The ability to detect single genes by exon microarray and tag-seq was exemplified by analysing the mRNA expression levels as a function of sample purity for three different B-cell mRNA transcripts. The mRNA expression levels of CD74, HLADRA, and BCL6 followed a linear relationship as a function of sample purity for exon microarray, whereas larger fluctuations were observed for tag-seq (Figure 3).
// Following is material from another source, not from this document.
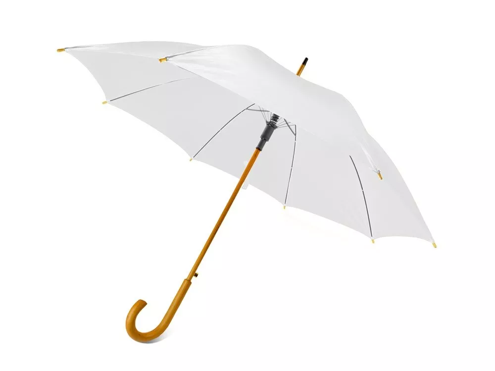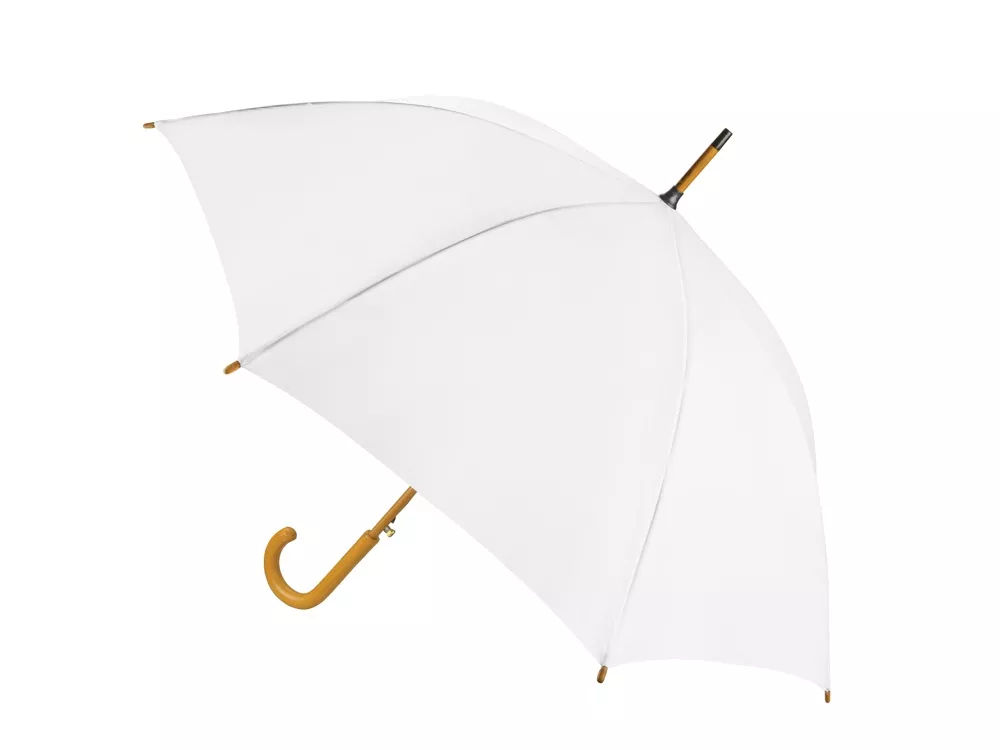 Полуавтоматический зонт-трость с деревянной ручкой выполнен из качественных материалов и устойчив к сильным порывам ветра. Яркие, сочные цвета в ассортименте. Материал позволяет нанести нужную информацию методом термотрансфера и гравировки.

Feng et al. demonstrated an increased coefficient of variation when detecting low-abundant mRNA transcripts by tag-seq . With increased sequencing depth, detection of low-abundant mRNA transcript will probably become more accurate . Feng et al. described the relationship between total sequence volume and information of mRNA expression levels as a sigmoid function. This means the deeper the sequencing, the greater the information . The present work demonstrates that the difference in the ability to detect the three genes above depends on the sample purity and the initial abundance in the pure B-cell sample. Tag-seq showed a tendency to have higher ability to detect highly abundant transcripts compared to exon microarray, supporting previous observations [5,14].
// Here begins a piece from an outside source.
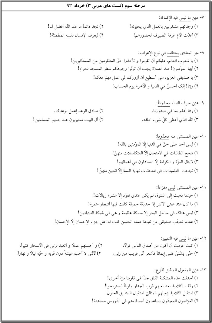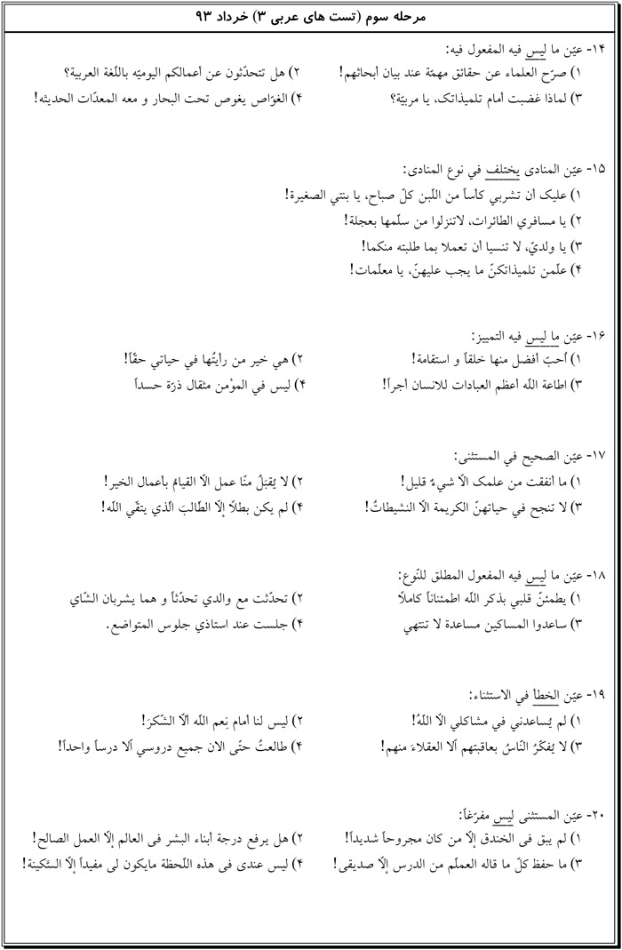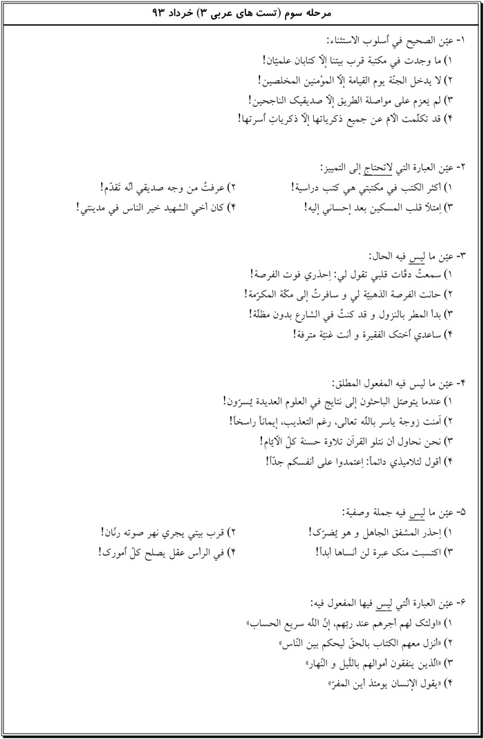 ابوالفضل تاجیک:جمع بندی عربی با تست های منتخب(قسمت سوم)

Based on the analysis of the three selected single genes, we demonstrated that the best detection ability corresponds to the highly abundant malignant B-cell transcripts, and there was an actual loss in the ability to detect low-abundant mRNA transcripts in samples with low purity. For BCL6, as a low-abundant gene, it was evident that a malignant B-cell frequency above 20-50% was required for reliable transcript detection. This supports the observed proportional relationship between the ability to detect genes and increasing sample purity.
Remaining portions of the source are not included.